# TASK
Exactly the lines below, starting with the one containing "として開館。1・2階を公開し" and going on through the one containing "新中式风格家装草图大师模型,家装sketchup模型下载", must be reproduced, both ends included, and no pictures with them.

# DATA FOR THE TASK
+ + + + + + +

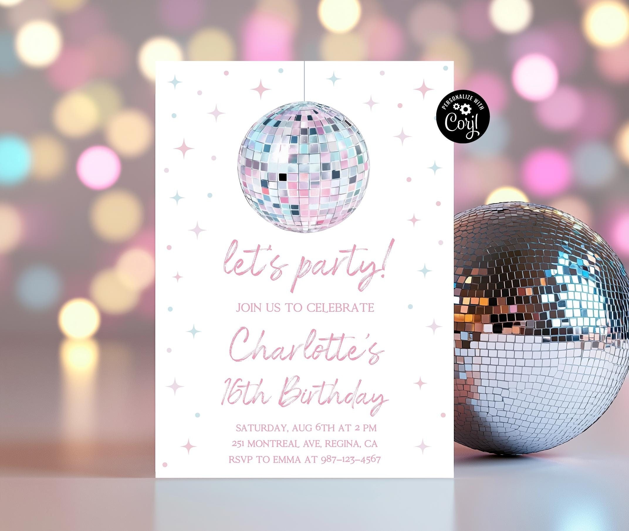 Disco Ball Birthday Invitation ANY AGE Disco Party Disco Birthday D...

+ + + + + + +

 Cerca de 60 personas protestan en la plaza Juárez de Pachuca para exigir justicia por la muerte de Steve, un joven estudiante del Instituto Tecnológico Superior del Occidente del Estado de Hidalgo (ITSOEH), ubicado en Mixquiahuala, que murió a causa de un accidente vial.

+ + + + + + +

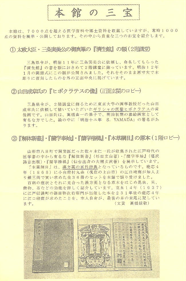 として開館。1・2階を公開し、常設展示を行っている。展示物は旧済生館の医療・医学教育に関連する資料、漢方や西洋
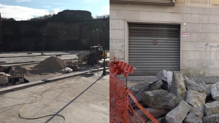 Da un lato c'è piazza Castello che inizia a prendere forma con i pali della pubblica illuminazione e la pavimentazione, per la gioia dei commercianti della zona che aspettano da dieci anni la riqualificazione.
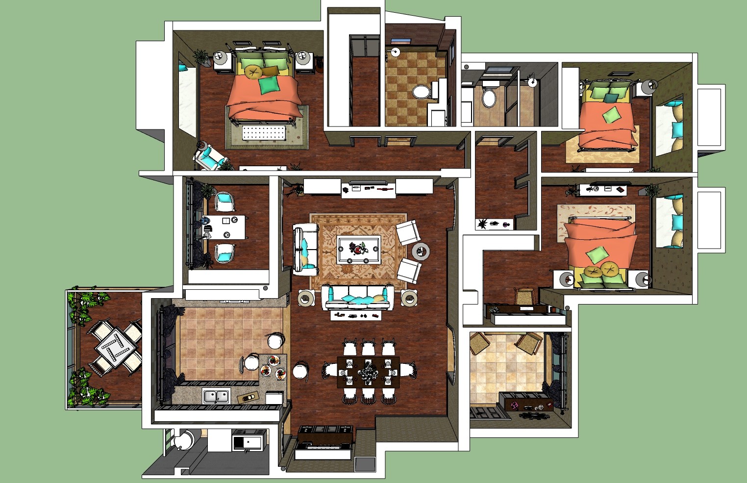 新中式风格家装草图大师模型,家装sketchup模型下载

+ + + + + + +

# EXERCISE ANSWER
 として開館。1・2階を公開し、常設展示を行っている。展示物は旧済生館の医療・医学教育に関連する資料、漢方や西洋
 Da un lato c'è piazza Castello che inizia a prendere forma con i pali della pubblica illuminazione e la pavimentazione, per la gioia dei commercianti della zona che aspettano da dieci anni la riqualificazione.
 新中式风格家装草图大师模型,家装sketchup模型下载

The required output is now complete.